§ Description of the task: Exactly and only the lines from the first entry through the line with "기념촬영을 하고 있다. |" should be copied, both ends included, with no pictures.

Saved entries
- - - -

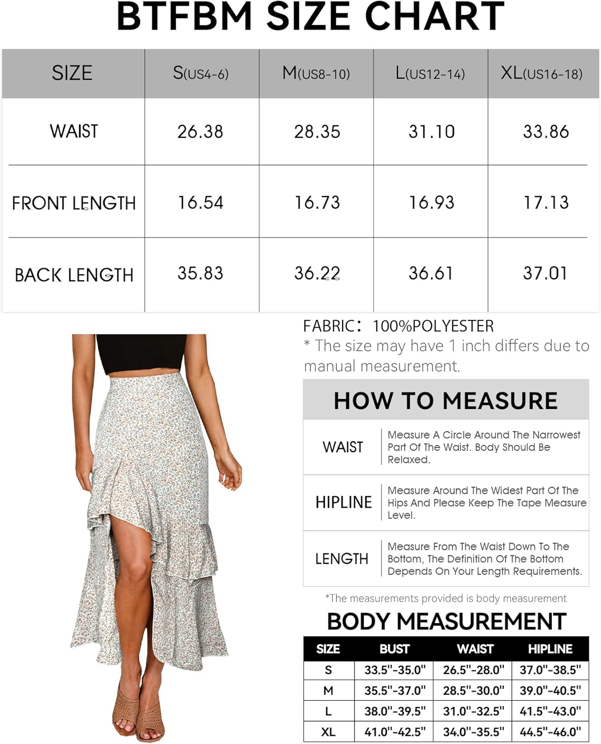 BTFBM Women 2024 Summer Spring Boho Long Skirts Dress Floral Print Elastic Waist Split Ruffle High Low Beach Maxi SkirtZwhite
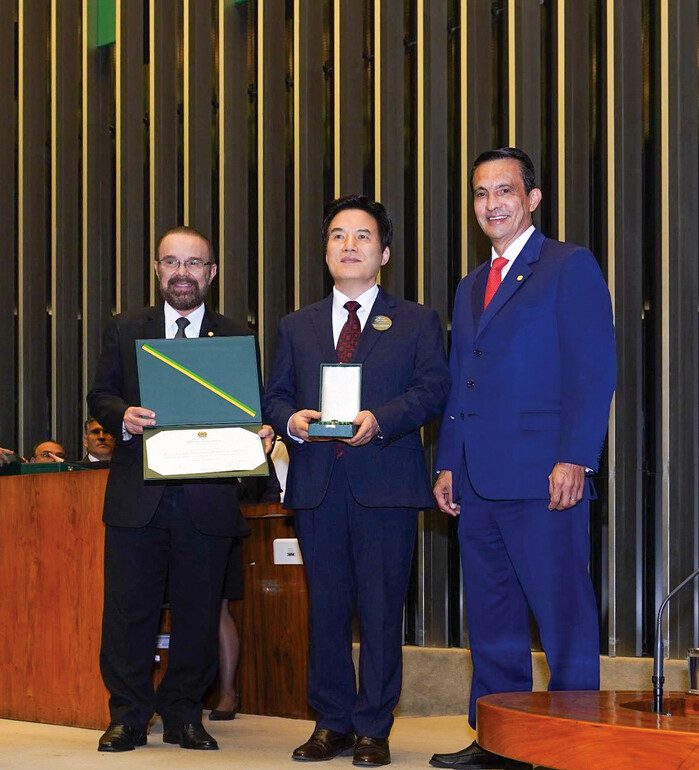 ▲국회의사당에서 열린 시상식에서 링콘 포르텔라 연방하원의원 제1부의장과 하나님의 교회 총회장 김주철 목사, 시드니 레이치 하원의원(왼쪽부터)이 기념촬영을 하고 있다. |
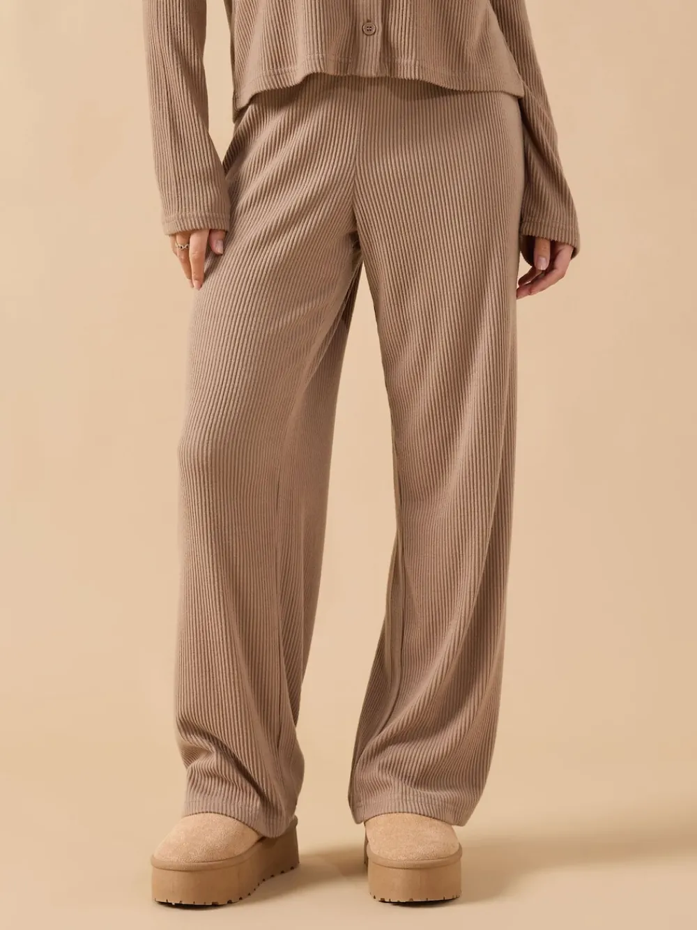 PixieGirl Petite Ribbed Wide Leg Joggers Brown
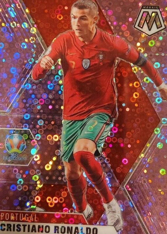 This card is 1 of 30 Cristiano Ronaldo's card variations in the 2020 Mosaic Euro set being tracked by Sports Card Investor, including Blue Pulsar, Choice Red & Green, Gold Pulsar, Green, and Pink Camo.
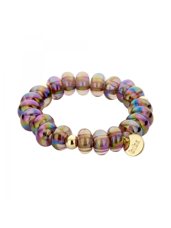 Ce bracelet n'est pas plus large que les bracelets traditionnels mais ils sont faits pour les poignets plus larges. Ca me convient très bien donc n'ayez crainte c'est comme les autres. En résine, avec des reflets, monté sur élastique.

- - - -

§ Answer section:
 BTFBM Women 2024 Summer Spring Boho Long Skirts Dress Floral Print Elastic Waist Split Ruffle High Low Beach Maxi SkirtZwhite
 ▲국회의사당에서 열린 시상식에서 링콘 포르텔라 연방하원의원 제1부의장과 하나님의 교회 총회장 김주철 목사, 시드니 레이치 하원의원(왼쪽부터)이 기념촬영을 하고 있다. |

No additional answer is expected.